A white-crowned sparrow visited the ground below the sunflower feeder on Friday (2/20). This was the first of this species I have seen this winter. (Of course, I'm not home enough to make this statistically significant, but...) This individual was the only one of its kind, and there were no white-throated sparrows present at the time either. 

There are plenty of the usual seasonal feeder birds. Since most of the snow and ice are gone, I guess the towhees have gone back to the woods. I didn't see any visiting Cooper's hawks last week.

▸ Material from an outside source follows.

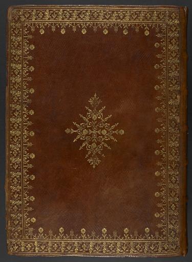 Keywords: De Trinitate, De Synodis and Contra arianos - Lower Cover (Harley ms 3115).jpg Style Harleian centrepiece and border of small tools; Caption Lower Cover; Colour Brown Gold; Edge Unspecified exhibition history Decorative Technique Panel stamp in gold; Cover Material Leather unspecified Unspecified object history Text 9c; Germany; Unspecified object type Cc-zero place of creation Binding England place of discovery Unspecified British Library image http //www bl uk/catalogues/bookbindings/LargeImage aspx RecordId 020-000018430 ImageId ImageId 57092 Copyright BL De Trinitate De Synodis and Contra arianos Uploaded with GWToolset De Trinitate De Synodis and Contra arianos - Lower Cover Harley ms 3115 http //www webarchive org uk/bldatasets/bindings/harley_ms_3115_fbrigv jpg Bookbinding 18th-century bookbinding British Library Bookbindings |

The aforementioned winds have knocked down the final emergent branch of our most prominent snag on the “back forty” (actually about six or seven acres of open area that we manage as early successional habitat.) I will miss it. It may seem a little odd to mourn the demise of a dead tree, but over the past eight years this particular snag has been a favorite bird spot, for the birds and for me. I have watched dozens of species perching on its exposed branches, from turkey vultures to Blackburnian warblers to bluebirds nesting in a downy woodpecker excavation. We have plenty of other dead trees, but this one was in a perfect setting: surrounded by open area, with its base encompassed by a thicket that offered (and still does) shelter for a wide variety of wildlife. But now their “watchtower” has fully collapsed. Sic transit gloria mundi.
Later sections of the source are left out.